Starting at the line that contains "Uniwersalny charakter szablonu" and stopping after the line that contains "Элитное вечернее платье, длинная", transcribe the listing below exactly; do not include any pictures.

## DATA FOR THE TASK

------------------------------------------------------------

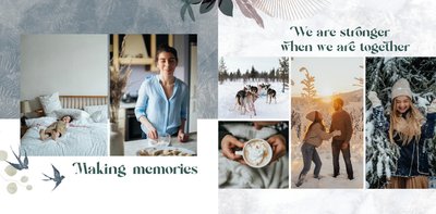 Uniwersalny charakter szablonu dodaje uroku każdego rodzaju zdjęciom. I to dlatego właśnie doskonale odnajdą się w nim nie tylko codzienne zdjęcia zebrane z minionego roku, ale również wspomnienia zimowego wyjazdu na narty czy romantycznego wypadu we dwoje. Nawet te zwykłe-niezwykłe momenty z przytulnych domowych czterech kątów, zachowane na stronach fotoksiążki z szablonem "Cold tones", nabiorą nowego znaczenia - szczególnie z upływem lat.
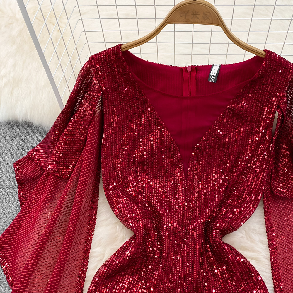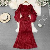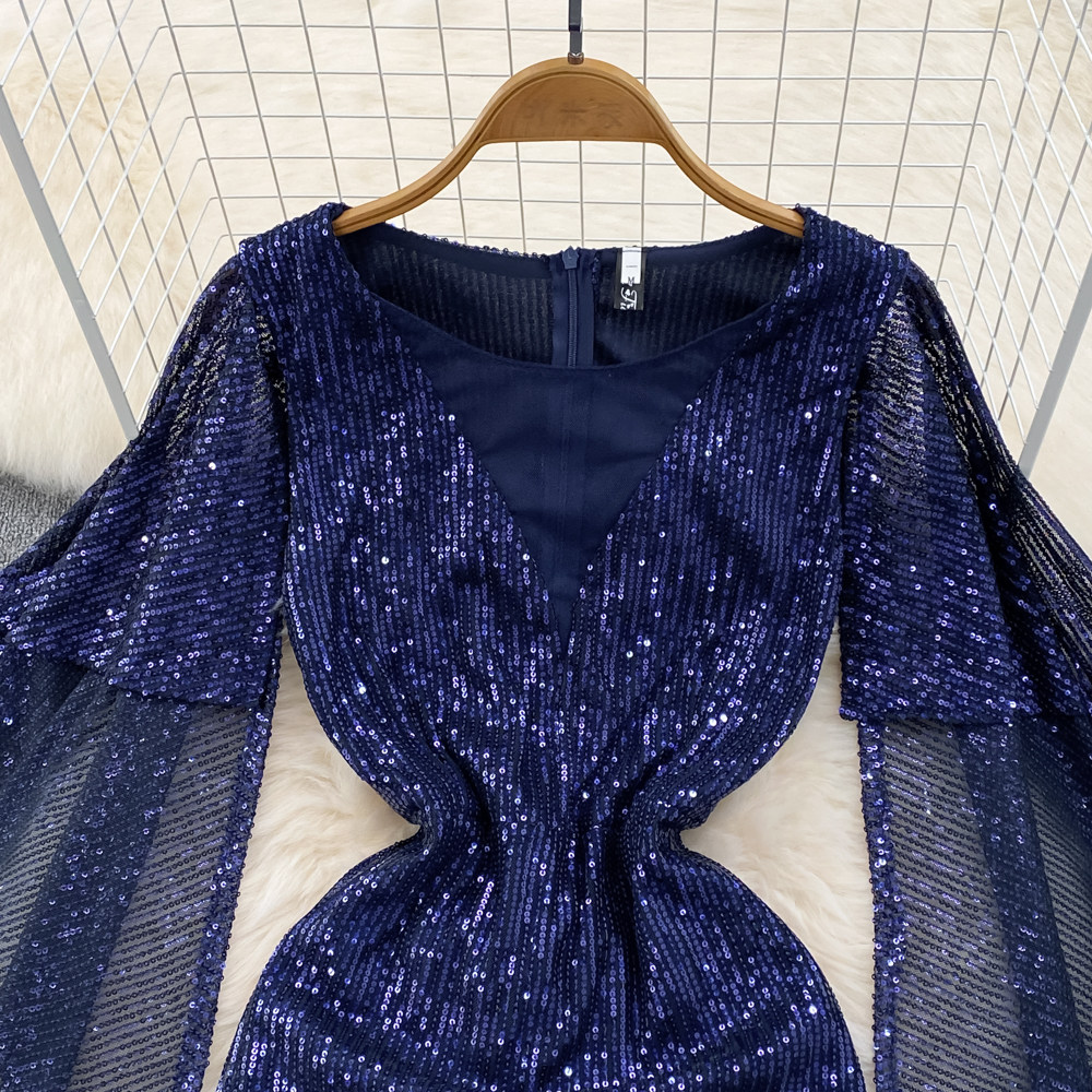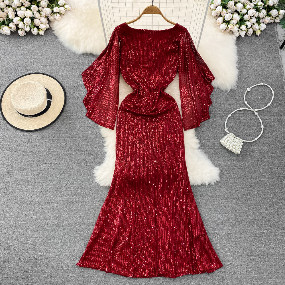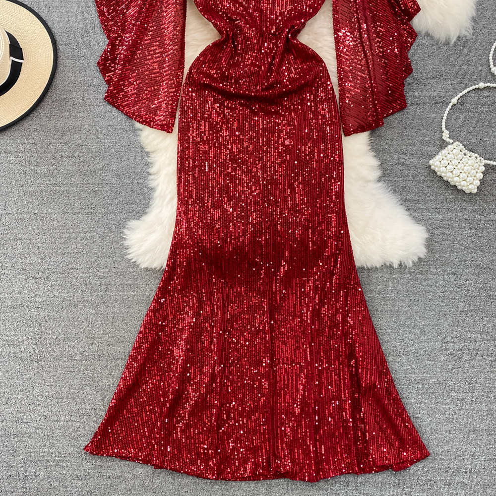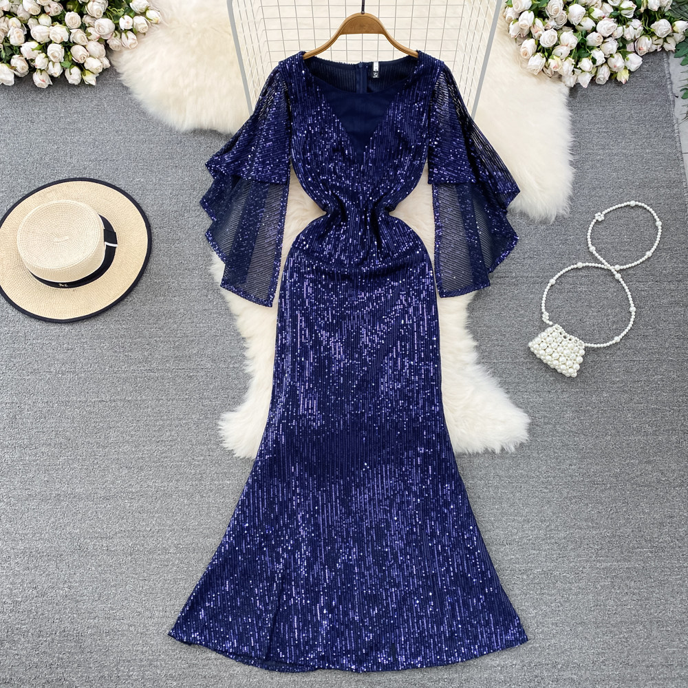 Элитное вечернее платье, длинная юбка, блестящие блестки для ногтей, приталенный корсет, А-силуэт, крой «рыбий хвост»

------------------------------------------------------------

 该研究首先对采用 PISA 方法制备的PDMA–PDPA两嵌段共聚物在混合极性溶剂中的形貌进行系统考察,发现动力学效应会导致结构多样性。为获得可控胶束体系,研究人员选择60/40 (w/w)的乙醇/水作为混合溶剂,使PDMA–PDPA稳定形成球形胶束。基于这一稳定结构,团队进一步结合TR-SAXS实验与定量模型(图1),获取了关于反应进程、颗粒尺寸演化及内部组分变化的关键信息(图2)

------------------------------------------------------------

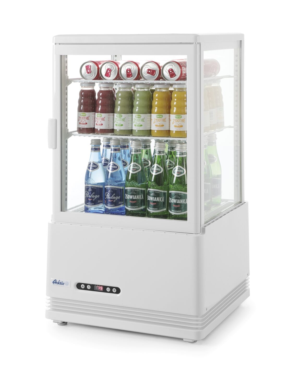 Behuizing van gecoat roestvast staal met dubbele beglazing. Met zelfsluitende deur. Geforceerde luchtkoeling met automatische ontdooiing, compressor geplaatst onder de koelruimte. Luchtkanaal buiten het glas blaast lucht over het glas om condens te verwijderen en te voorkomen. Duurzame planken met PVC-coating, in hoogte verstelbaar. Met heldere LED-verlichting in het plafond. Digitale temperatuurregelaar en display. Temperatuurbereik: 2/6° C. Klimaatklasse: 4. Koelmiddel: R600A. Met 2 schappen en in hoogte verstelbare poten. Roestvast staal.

------------------------------------------------------------

## PROBLEM SOLUTION
 Uniwersalny charakter szablonu dodaje uroku każdego rodzaju zdjęciom. I to dlatego właśnie doskonale odnajdą się w nim nie tylko codzienne zdjęcia zebrane z minionego roku, ale również wspomnienia zimowego wyjazdu na narty czy romantycznego wypadu we dwoje. Nawet te zwykłe-niezwykłe momenty z przytulnych domowych czterech kątów, zachowane na stronach fotoksiążki z szablonem "Cold tones", nabiorą nowego znaczenia - szczególnie z upływem lat.
 Элитное вечернее платье, длинная юбка, блестящие блестки для ногтей, приталенный корсет, А-силуэт, крой «рыбий хвост»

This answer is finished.